(PROVIDED MATERIAL begins)
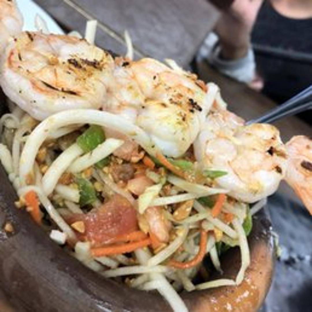 A refreshing and vibrant salad featuring juicy mango slices, succulent grilled prawns, crisp vegetables, and a tangy lime dressing. Garnished with toasted peanuts and fresh herbs.
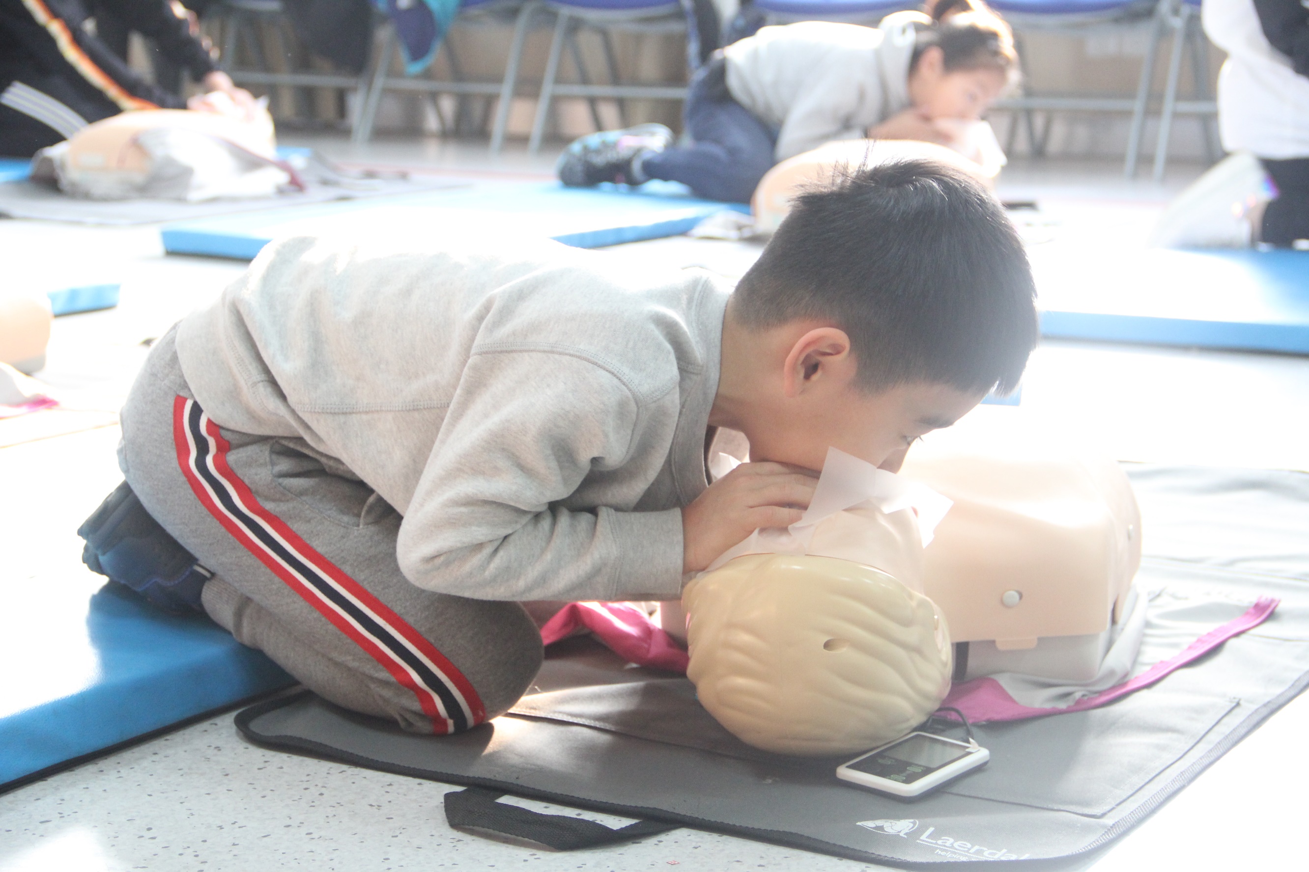 “医学急救基础技能”是同学们感觉“最累”但又想再次学习的课程。“老师我好累,已经按了30下了还要继续吗?”“老师我还想再体验一次可以吗?”等提问让课程老师感受到香港同学的热情好学与童稚可爱。该课程旨在让香港师生通过亲身体验,学习心肺复苏(CPR)技能和 AED 除颤仪的使用方法。
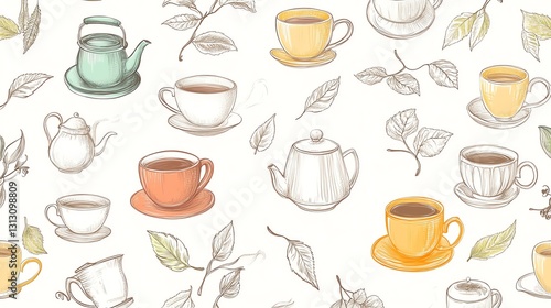 Variety of Tea Cups and Leaves Displayed in a Charming Pattern on a Light Background
(PROVIDED MATERIAL ends)
§ **DIRECTIONS**
Each line of the data is to be duplicated exactly; pictures stay out of the copy.

§ **ANSWER BELOW**
 A refreshing and vibrant salad featuring juicy mango slices, succulent grilled prawns, crisp vegetables, and a tangy lime dressing. Garnished with toasted peanuts and fresh herbs.
 “医学急救基础技能”是同学们感觉“最累”但又想再次学习的课程。“老师我好累,已经按了30下了还要继续吗?”“老师我还想再体验一次可以吗?”等提问让课程老师感受到香港同学的热情好学与童稚可爱。该课程旨在让香港师生通过亲身体验,学习心肺复苏(CPR)技能和 AED 除颤仪的使用方法。
 Variety of Tea Cups and Leaves Displayed in a Charming Pattern on a Light Background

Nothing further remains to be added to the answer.